Troy Brown was convicted of raping a nine year old girl and sentenced to life in prison. A significant portion of the evidence at trial consisted of the testimony of an expert regarding DNA samples. The expert made two major mistakes. First she committed the “prosecutor’s fallacy.” The “prosecutor’s fallacy” “is the assumption that the random match probability is the same as the probability that the defendant was not the source of the DNA sample.” This erroneously allows the prosecutor or the expert to say that the odds that another person randomly chosen has the same DNA is the same as the odds of the accused being innocent.
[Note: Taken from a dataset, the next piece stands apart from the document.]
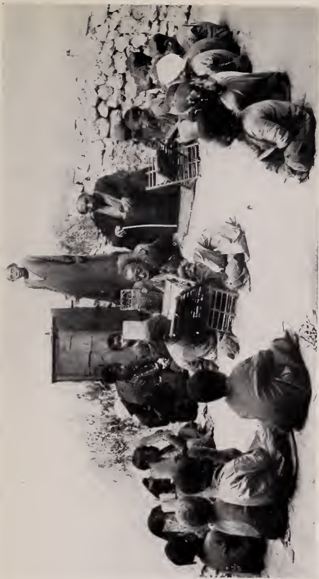
Arab children at school in Egypt

Troy Brown has three brother. Two of them, like Troy live near him and the victim in Nevada. The second error made by the expert was to overestimate the chances of one of his brothers having the same DNA as found in the victim. She estimated that the odds of two brothers sharing the same DNA is 1 in 6500. The actual odds of two brothers having the same DNA is 1 in 263 and the odds of two out of four brothers having the same DNA is 1 in 66.
The Supreme Court said that the habeas could only be granted based upon the testimony at trial even if the evidence was unreliable or erroneous. But in any case even if the correct evidence had been submitted a reasonable jury could have convicted Brown. There was sufficient corroborating evidence when looked at it using only the evidence most favorable to the prosecutor which is the standard in post trial appeals where a jury has convicted the defendant.
The defendant also raised a due process claim challenging the reliability of the trial DNA evidence. But since that issue was ont raised at trial or on direct appeal the Supreme Court refused to hear it.